= Maga.Tamizh Prabhagaran =

Tamil Prabhakaran is an Indian Tamil journalist and documentary film maker.

==Career==
===Early career===
He went to War zones of Sri Lanka in 2012. During this time, he was investigated by a group of Sri Lankan Army officials in Elephant pass. After he returned to India, he wrote a series articles titled as 'Pulithadam Thedi'(A Journey of 25 days in bloodstain Lanka) in Junior Vikatan, a leading Tamil magazine.

===Book ===
The series which published on Junior Vikatan, later published as a book. It is a unique first-hand account on post-war situations of Sri Lanka.

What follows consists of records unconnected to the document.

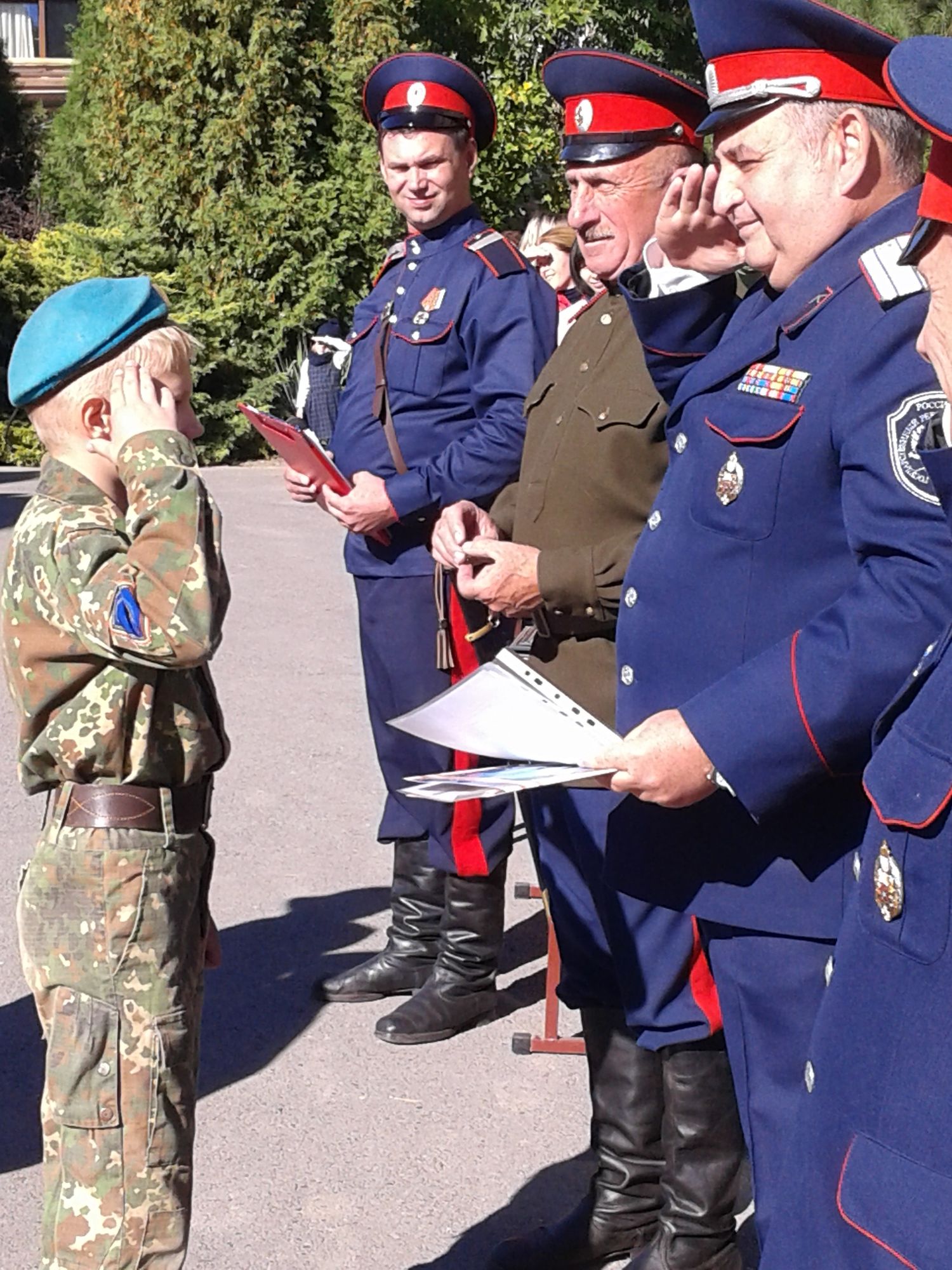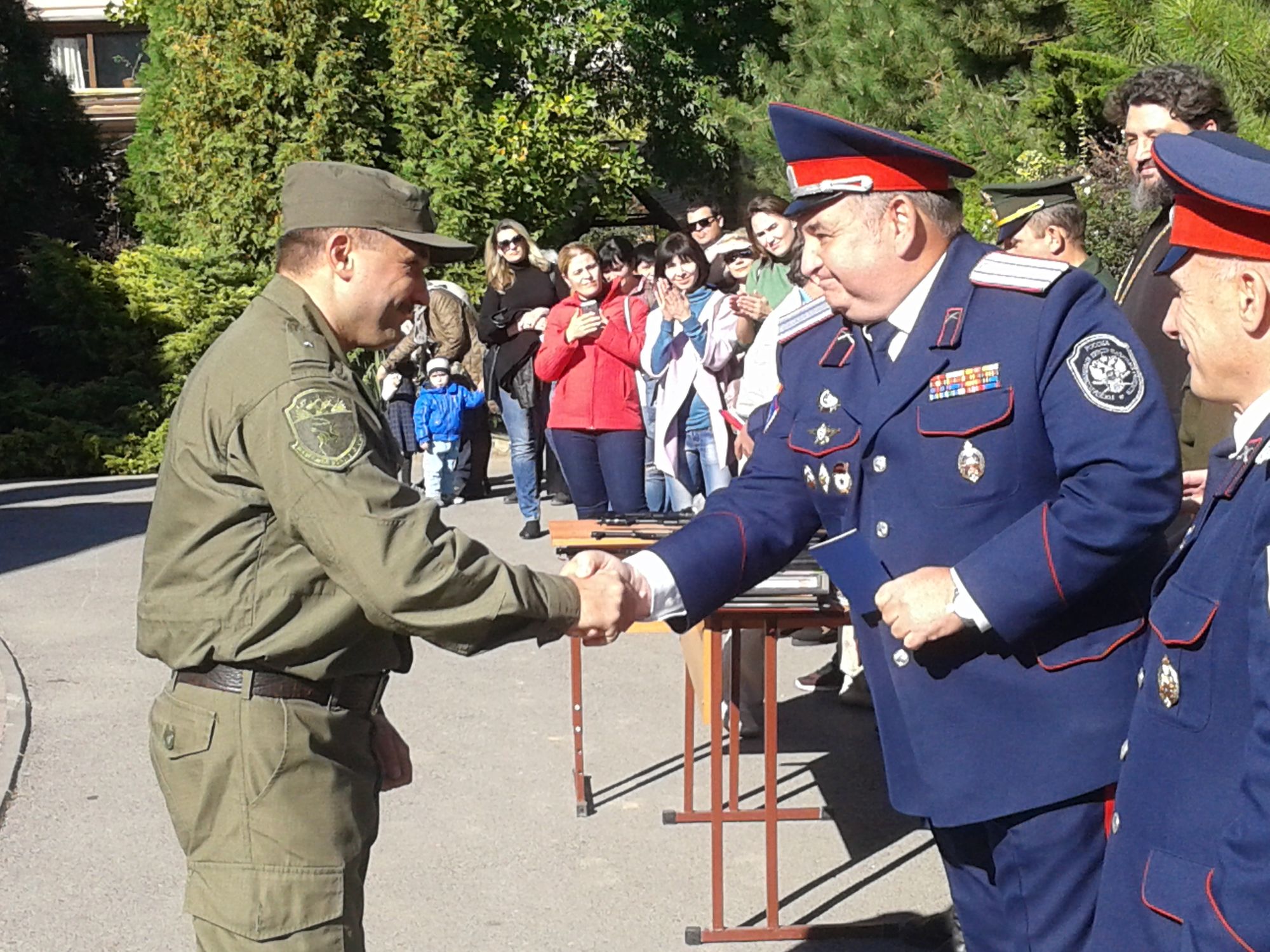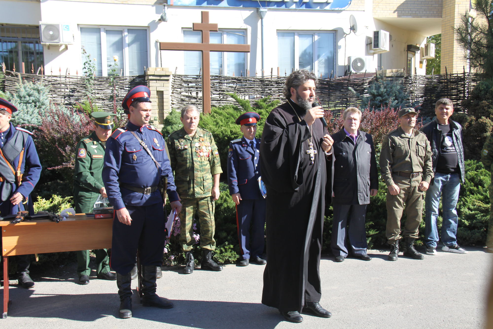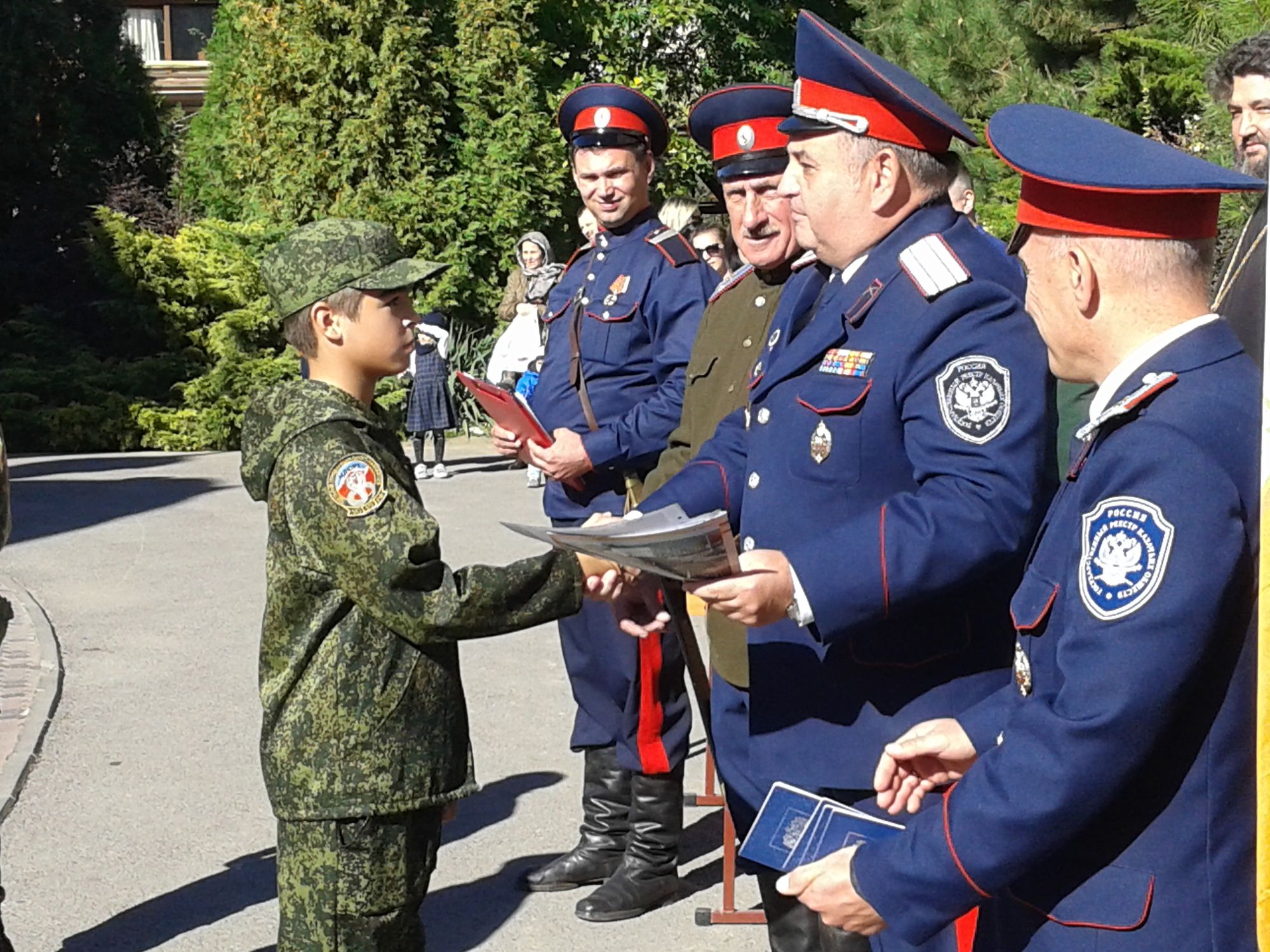 Ко всем собравшимся с напутствующим пасторским словом обратился настоятель прихода протоиерей Валерий Волощук. Первый заместитель (товарищ) атамана Ростовского округа Г.В. Момот довёл приказ атамана округа о присвоении казачьих чинов «вице-приказный» воспитанникам детско-юношеской казачьей сотни Вячеславу Баталову, Глебу Погодину и Никите Хохлачеву. Председатель Ростовского духовно-патриотического центра сотник Чуцков В.И. вручил казачатам выписки из приказа и установленные знаки отличия на погоны.
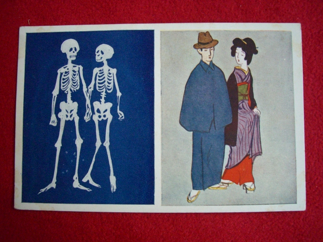 いろんな場面の裏側が覗ける、滑稽な絵葉書です。。
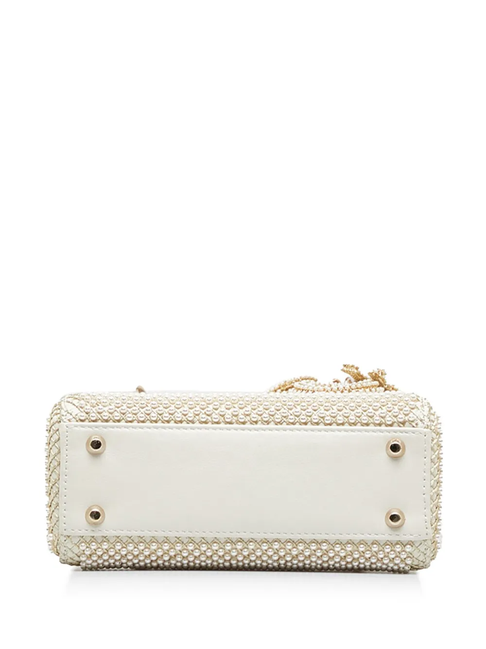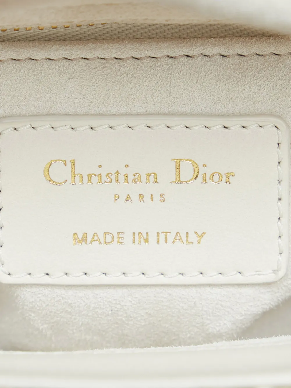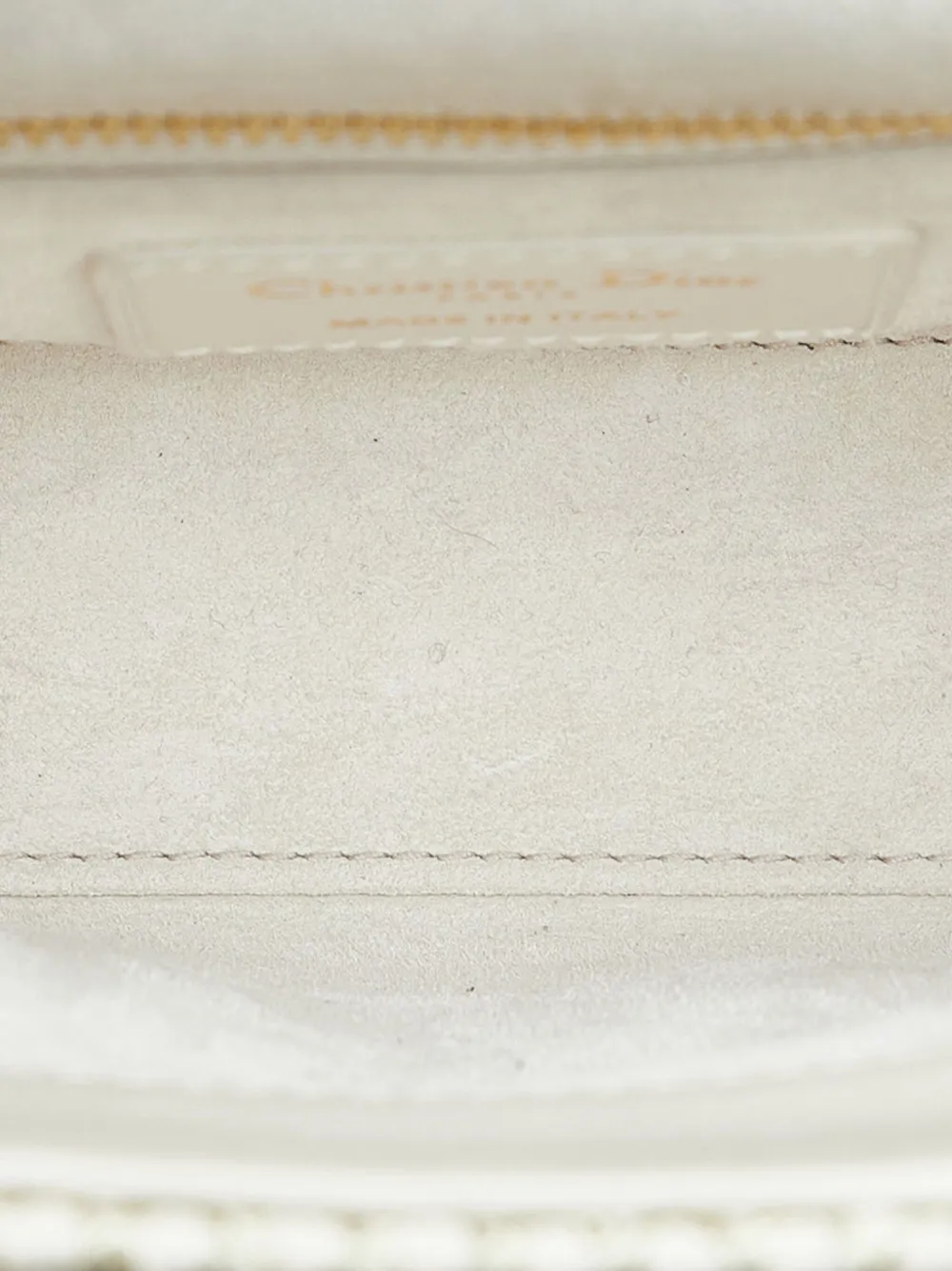 Made popular by Princess Diana and later named after her, Christian Dior's Lady Dior is one of the maison's most iconic styles. Crafted from smooth white calf leather, this mini-sized limited edition is embellished with faux pearls finished with the signature letters charm in polished gold-tone metal.

===Interview of Irom Sharmila===
In November 2013, he took a case against the Manipur government regarding the arbitrary restrictions to meet Irom Sharmila, who had been on a hunger strike, protesting against the Armed Forces (Special Powers) Act, 1958 for about 13 years. After twenty days of legal battle, he finally met Sharmila. The Manipur High Court passed an order directing the authorities concerned to grant him permission to meet Sharmila, according to Assam Jail Manual which is also applicable to Manipur.

===Arrest in Sri Lanka===
In December 2013, he went to Sri Lanka second time. On his fifth day of visit (25 December 2013), he was arrested by Sri Lankan Army. After he was detained for three days in Colombo by Terrorist Investigation Department. During his arrest, Tamil Nadu was shock, and gave voice for his release. New York based Journalist group 'Committee to Protect Journalists' also condemned his arrest. Dravida Munnetra Kazhagam leader Kalaignar Karunanidhi, Marumalarchi Dravida Munnetra Kazhagam leader Vaiko, Viduthalai Chiruthaigal Katchi leader Thol.Thirumavalavan, PMK leader Ramadoss, May17 movement Thirumuruan Gandhi and various Tamil Media associations also demand his immediate release from Sri Lankan Army custody. On 28 December 2013, he was released and deported to India.,

===Works===
- Directed This Land Belongs to the Army, a documentary film. This film also exposes the Sri Lankan government's policy of Sinhalisation and system land grabbing of Sri Lankan forces. It also features new testimonies from Tamil genocide victims and an exclusive interview with a Sri Lankan Army officer, who confesses to the indiscriminate use of chemical and heavy weapons against the Tamils in 2009.
- Directed Manipur: The Land of Tears, a television documentary.